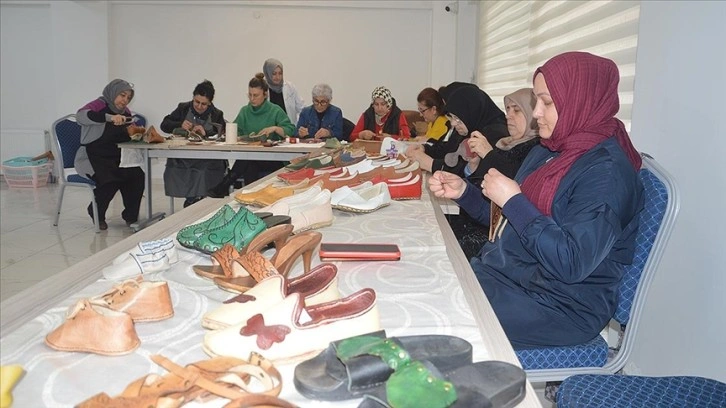 Adapazarı Halk Eğitimi Merkezinde açılan el becerileri kursunda kadınlar, geleneksel yemenileri modern tasarımlarla birleştirerek üretiyor.
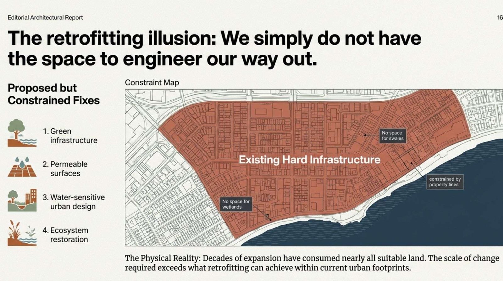 4. Retrofitting existing coastal development faces severe constraints because most coastal land has already been developed, leaving minimal space for large-scale green infrastructure or water-sensitive redesign.
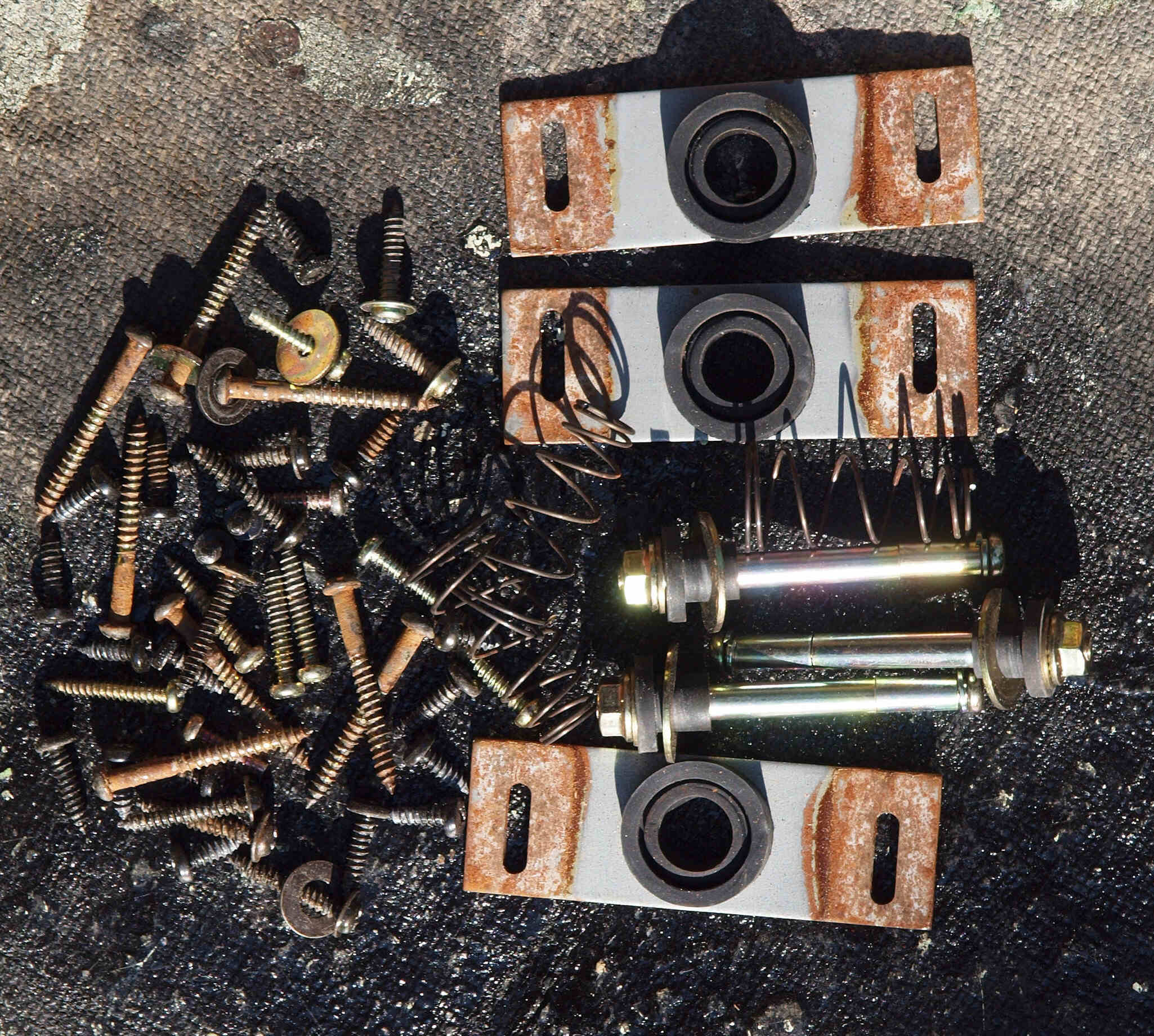 | CB1. 修理(塗装)前 ポンプ取り付け金具、各種止めネジ類。 | ||||||||||||

Task statement >>
From the line containing "4. Retrofitting existing" down to the end of the data above, reproduce each line exactly; no pictures.

Expected answer >>
 4. Retrofitting existing coastal development faces severe constraints because most coastal land has already been developed, leaving minimal space for large-scale green infrastructure or water-sensitive redesign.
 | CB1. 修理(塗装)前 ポンプ取り付け金具、各種止めネジ類。 | ||||||||||||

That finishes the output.